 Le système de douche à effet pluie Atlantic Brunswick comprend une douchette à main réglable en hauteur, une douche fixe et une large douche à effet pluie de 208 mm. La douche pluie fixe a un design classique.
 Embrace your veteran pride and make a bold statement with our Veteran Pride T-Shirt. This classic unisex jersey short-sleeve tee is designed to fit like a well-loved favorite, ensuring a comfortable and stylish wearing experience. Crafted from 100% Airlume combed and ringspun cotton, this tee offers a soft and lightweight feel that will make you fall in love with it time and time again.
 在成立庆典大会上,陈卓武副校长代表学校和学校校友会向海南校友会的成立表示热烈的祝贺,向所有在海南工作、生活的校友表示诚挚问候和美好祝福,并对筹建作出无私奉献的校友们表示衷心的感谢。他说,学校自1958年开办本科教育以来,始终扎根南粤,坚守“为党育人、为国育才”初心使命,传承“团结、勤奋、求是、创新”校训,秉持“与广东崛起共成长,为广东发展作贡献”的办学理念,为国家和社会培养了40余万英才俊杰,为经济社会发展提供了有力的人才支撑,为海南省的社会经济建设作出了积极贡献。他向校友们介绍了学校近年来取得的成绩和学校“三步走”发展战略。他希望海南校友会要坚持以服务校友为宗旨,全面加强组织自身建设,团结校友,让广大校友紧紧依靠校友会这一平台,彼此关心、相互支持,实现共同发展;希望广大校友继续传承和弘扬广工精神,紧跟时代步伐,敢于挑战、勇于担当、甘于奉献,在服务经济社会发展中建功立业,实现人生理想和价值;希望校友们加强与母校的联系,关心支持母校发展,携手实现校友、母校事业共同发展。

________________

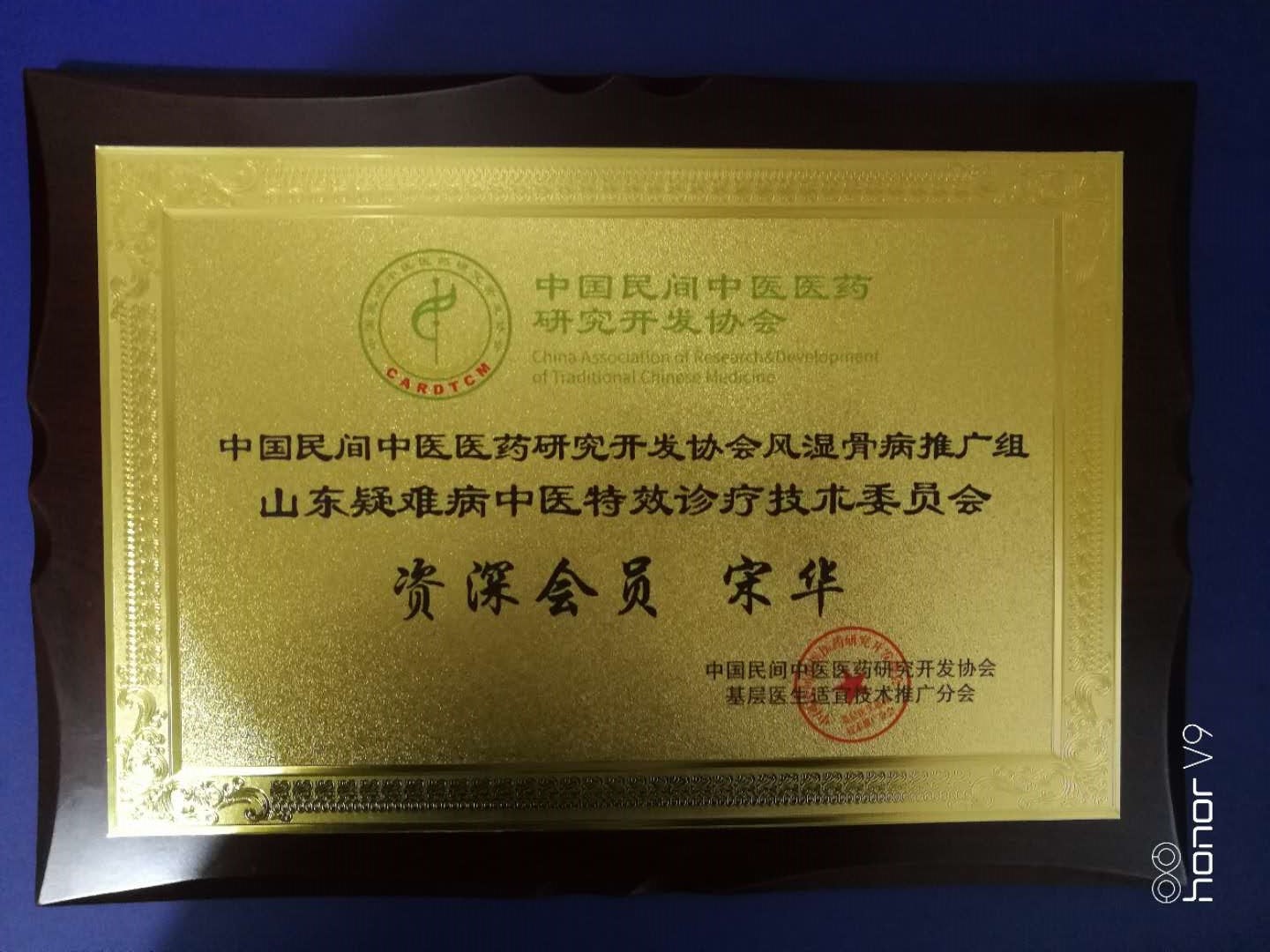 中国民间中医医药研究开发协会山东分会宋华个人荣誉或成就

________________

• WORK INSTRUCTIONS
Take from the material above the lines running from the one with "Le système de" through the one with "Embrace your veteran", and repeat them exactly, with nothing else.

• TASK RESULT
 Le système de douche à effet pluie Atlantic Brunswick comprend une douchette à main réglable en hauteur, une douche fixe et une large douche à effet pluie de 208 mm. La douche pluie fixe a un design classique.
 Embrace your veteran pride and make a bold statement with our Veteran Pride T-Shirt. This classic unisex jersey short-sleeve tee is designed to fit like a well-loved favorite, ensuring a comfortable and stylish wearing experience. Crafted from 100% Airlume combed and ringspun cotton, this tee offers a soft and lightweight feel that will make you fall in love with it time and time again.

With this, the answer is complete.